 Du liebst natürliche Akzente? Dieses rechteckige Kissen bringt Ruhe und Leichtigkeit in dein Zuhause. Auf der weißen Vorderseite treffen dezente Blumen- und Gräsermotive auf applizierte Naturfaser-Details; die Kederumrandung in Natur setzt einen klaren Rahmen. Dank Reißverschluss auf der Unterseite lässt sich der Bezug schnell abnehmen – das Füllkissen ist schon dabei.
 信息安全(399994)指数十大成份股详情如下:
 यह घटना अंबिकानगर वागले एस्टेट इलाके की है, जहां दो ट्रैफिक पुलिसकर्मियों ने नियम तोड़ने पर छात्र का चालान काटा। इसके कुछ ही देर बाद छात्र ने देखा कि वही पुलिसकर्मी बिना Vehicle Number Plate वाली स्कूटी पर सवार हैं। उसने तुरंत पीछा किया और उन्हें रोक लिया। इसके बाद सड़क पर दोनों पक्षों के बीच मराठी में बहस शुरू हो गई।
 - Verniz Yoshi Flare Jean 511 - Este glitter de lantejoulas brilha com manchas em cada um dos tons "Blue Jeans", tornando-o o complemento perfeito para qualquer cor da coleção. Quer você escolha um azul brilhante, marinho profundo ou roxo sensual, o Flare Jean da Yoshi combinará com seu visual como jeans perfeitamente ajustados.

...

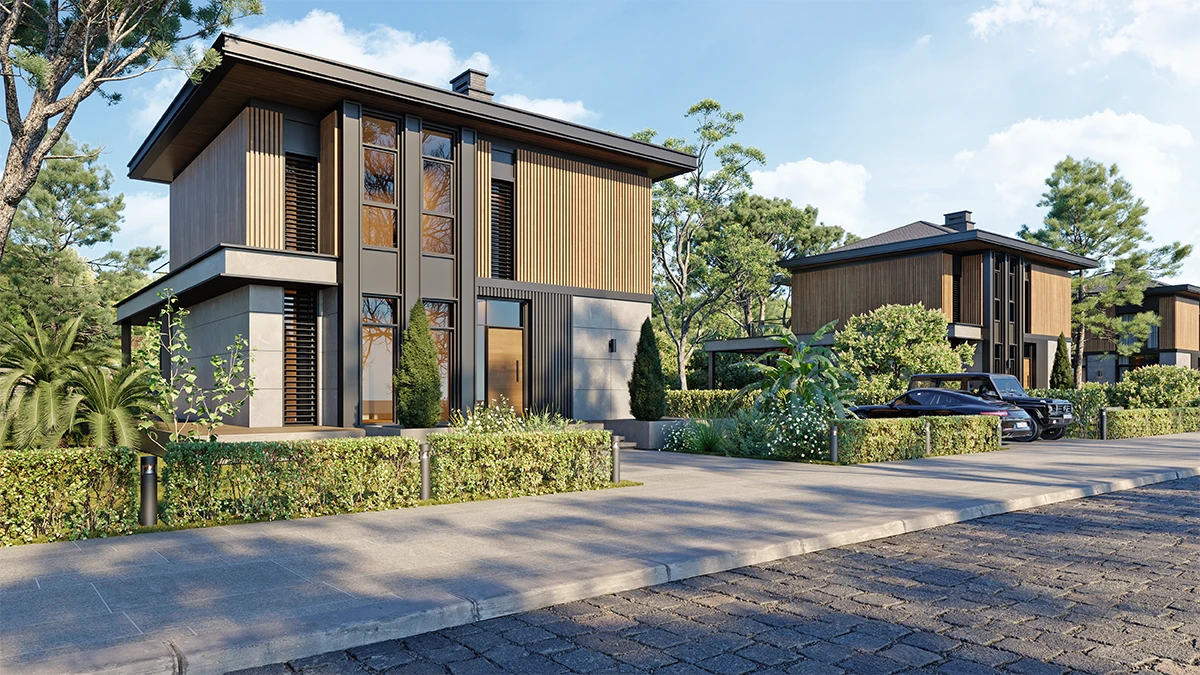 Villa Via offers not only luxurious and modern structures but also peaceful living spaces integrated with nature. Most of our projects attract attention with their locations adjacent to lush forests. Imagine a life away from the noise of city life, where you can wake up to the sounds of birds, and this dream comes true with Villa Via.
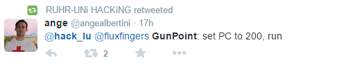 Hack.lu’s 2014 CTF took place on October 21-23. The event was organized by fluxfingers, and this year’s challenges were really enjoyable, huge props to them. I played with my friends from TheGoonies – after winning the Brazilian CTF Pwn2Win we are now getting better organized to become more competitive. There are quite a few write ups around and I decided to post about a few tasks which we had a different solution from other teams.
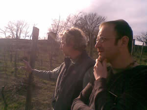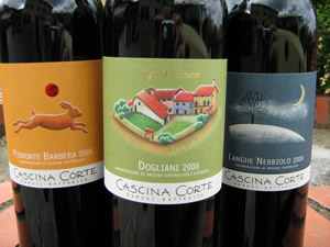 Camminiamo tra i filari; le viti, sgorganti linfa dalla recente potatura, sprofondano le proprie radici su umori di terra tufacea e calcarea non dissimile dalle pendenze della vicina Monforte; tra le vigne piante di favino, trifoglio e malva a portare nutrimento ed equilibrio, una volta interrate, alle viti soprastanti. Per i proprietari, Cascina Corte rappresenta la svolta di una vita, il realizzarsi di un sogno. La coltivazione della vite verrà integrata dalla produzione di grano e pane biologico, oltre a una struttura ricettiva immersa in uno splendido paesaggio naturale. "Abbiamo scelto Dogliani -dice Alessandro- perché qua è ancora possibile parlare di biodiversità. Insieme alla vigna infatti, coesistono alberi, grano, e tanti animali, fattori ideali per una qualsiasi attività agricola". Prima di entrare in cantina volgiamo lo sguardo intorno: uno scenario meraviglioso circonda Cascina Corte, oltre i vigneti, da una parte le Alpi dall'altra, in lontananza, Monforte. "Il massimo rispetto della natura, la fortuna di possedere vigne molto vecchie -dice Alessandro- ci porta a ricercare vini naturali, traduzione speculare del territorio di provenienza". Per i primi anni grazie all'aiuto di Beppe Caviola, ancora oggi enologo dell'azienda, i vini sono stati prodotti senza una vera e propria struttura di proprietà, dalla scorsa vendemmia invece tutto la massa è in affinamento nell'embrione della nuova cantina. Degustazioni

--

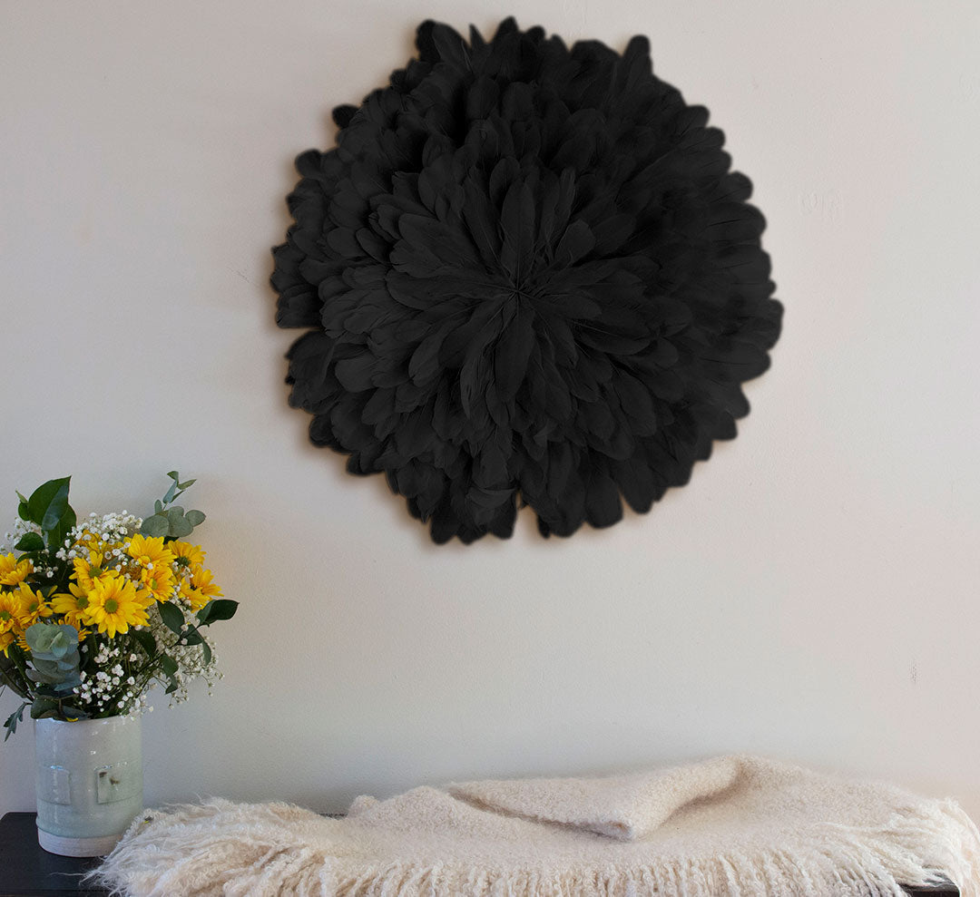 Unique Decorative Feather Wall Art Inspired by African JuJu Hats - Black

» **TASK BRIEF**
Here the job is to set down exactly the lines of the material above that fall between the one with "Du liebst natürliche" and the one with "- Verniz Yoshi", inclusive, and nothing beyond them.

» **RESULT FOR THIS EXERCISE**
 Du liebst natürliche Akzente? Dieses rechteckige Kissen bringt Ruhe und Leichtigkeit in dein Zuhause. Auf der weißen Vorderseite treffen dezente Blumen- und Gräsermotive auf applizierte Naturfaser-Details; die Kederumrandung in Natur setzt einen klaren Rahmen. Dank Reißverschluss auf der Unterseite lässt sich der Bezug schnell abnehmen – das Füllkissen ist schon dabei.
 信息安全(399994)指数十大成份股详情如下:
 यह घटना अंबिकानगर वागले एस्टेट इलाके की है, जहां दो ट्रैफिक पुलिसकर्मियों ने नियम तोड़ने पर छात्र का चालान काटा। इसके कुछ ही देर बाद छात्र ने देखा कि वही पुलिसकर्मी बिना Vehicle Number Plate वाली स्कूटी पर सवार हैं। उसने तुरंत पीछा किया और उन्हें रोक लिया। इसके बाद सड़क पर दोनों पक्षों के बीच मराठी में बहस शुरू हो गई।
 - Verniz Yoshi Flare Jean 511 - Este glitter de lantejoulas brilha com manchas em cada um dos tons "Blue Jeans", tornando-o o complemento perfeito para qualquer cor da coleção. Quer você escolha um azul brilhante, marinho profundo ou roxo sensual, o Flare Jean da Yoshi combinará com seu visual como jeans perfeitamente ajustados.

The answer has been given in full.